PRESENT SIR.... making my voice as confident as i m a regular geek in his class....

after giving me a devil look and noticing me ( as i was sitting alone in last bench).. due to my fucking brown hairs..... he continued to next roll number...

"definately he is thing bout his zero friction head top...... after givin a look to my uncombed hairs...... "

as he continues..me somehow make a passage to slid throw the door without making noise..

and again i have a victory over dat shitty lacture of fluid mechanics...

..............



Sunday, January 31, 2010

morning @ ISM

shit its 7 : 40 already and my cell was blaring at full volume again....

" S@tyArtH i know you are lonely now just switch off that fucking alarm and let me sleep for 5 more minutes ". this was Ni$hanT my roomie(roommate)

"Its Mukharjee’s period .... if late forget attendance chal uth jaa @#$% "

"fuck off"

" BANG !!!" the door cracks open ............

It wasn't locked from inside , how could it be there is no door lock (it was broken by Vivek khetan when he needed water at 5 am , since then it is always open)

ENTERS viVek

"toothpaste ya handwash main se kuch ek de do yaar "

"handwash wahan padi hai , toothpaste wing main kiske pass hai , mujhe bhi chahiye "

its 7:45 and i am still on bed . Time to act

15 minutes to go for attendance

Finally toothpaste surfaces from somewhere in the wing . God bless the owner. Wing 8 rocks ....

It took me 5 minutes to perform my essential morning activities.

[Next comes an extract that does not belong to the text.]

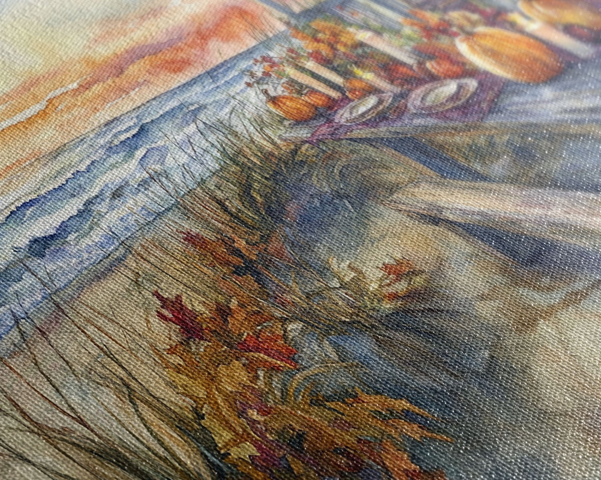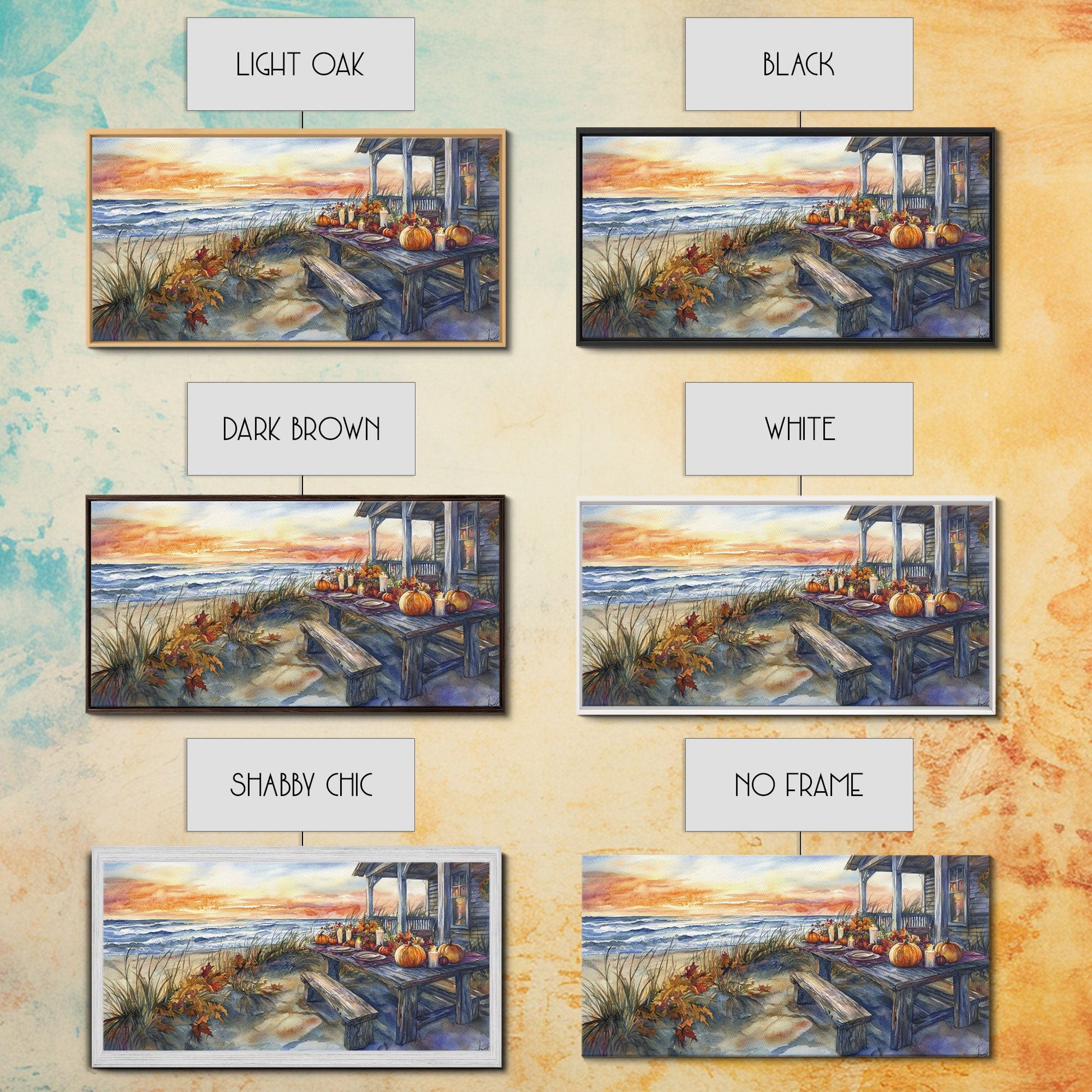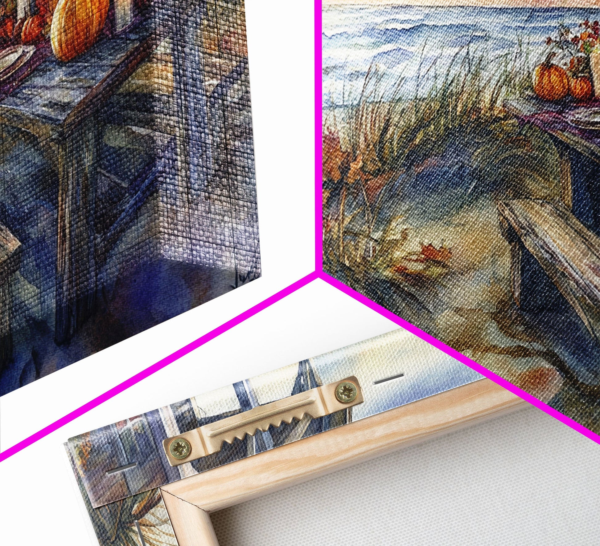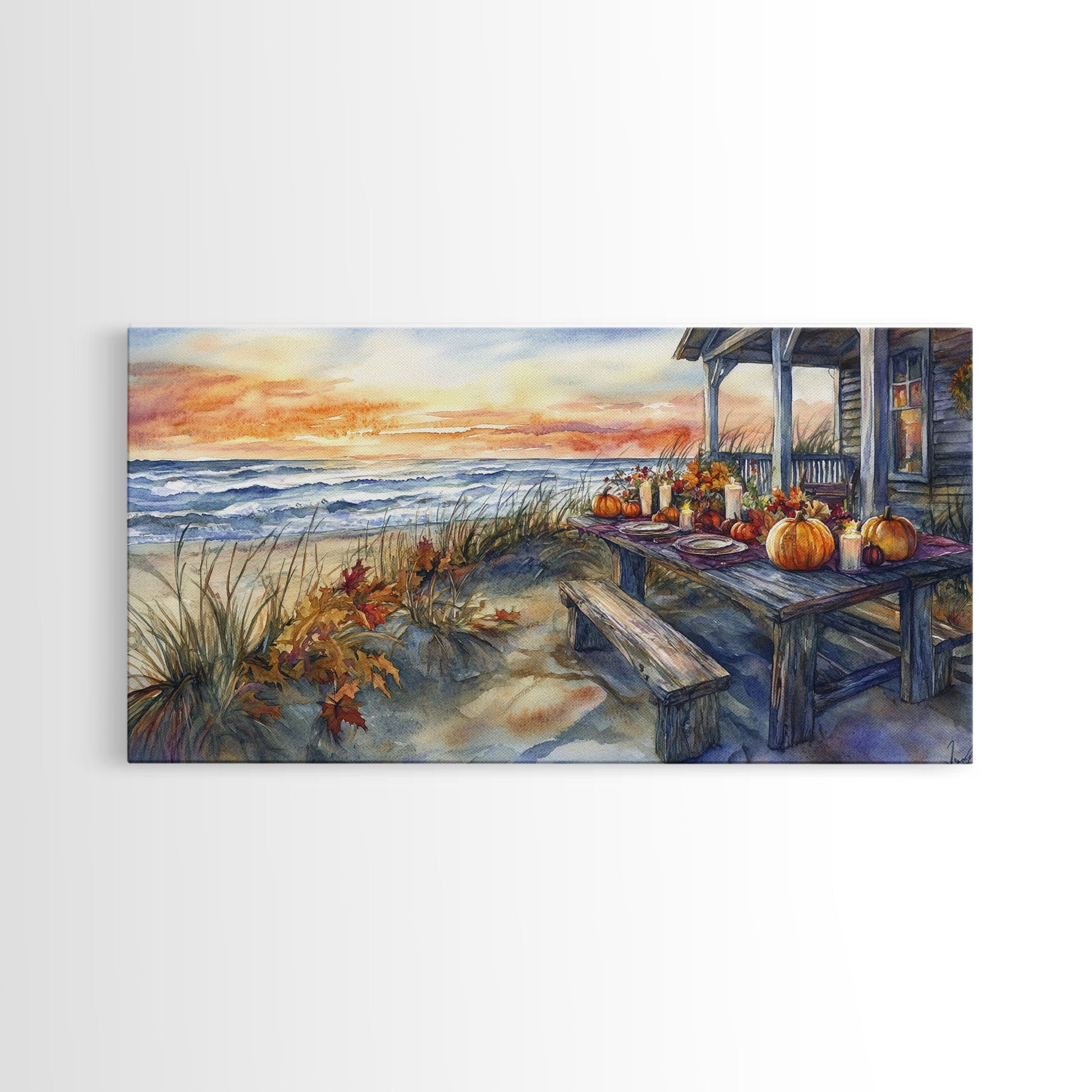 Beach Thanksgiving Table Pumpkins Canvas Print Fall Beach Decor Autumn Coastal Wall Art Framed Canvas Print Seasonal Wall Art

I somehow manage to find facewash (its essential when you......... you.......... you don't take bath before going to class .... :) )

10 minutes to go ..............

back to room

"NiShanT abhi tak so raha hai ..... 10 min bach rahe hain"

" abe proxy maar hi dena ab, main kal teri maar donga ....."

" aur ye kal kab aayega ????"

"kal sure"

"lagegi to laga doonga "

"love you ... muaahhhh (it was a flying kiss)"

It took me a matter of seconds to change in to jeans from lowers (one down another up,that's it).

No need to change T-shirt , it'll go for another 2 days.

deo hai na ....

You see there is one big benefit of being in no female branch (my branch is called bin maa ki aaulad as female candidates are not allowed ),you don't have to prepare yourself before mirror ..

5 minutes to go..

i am ready to go,and yes while packing my bag i don't forget to slide in few magazines, a survival strategy at ISM's prof's classes.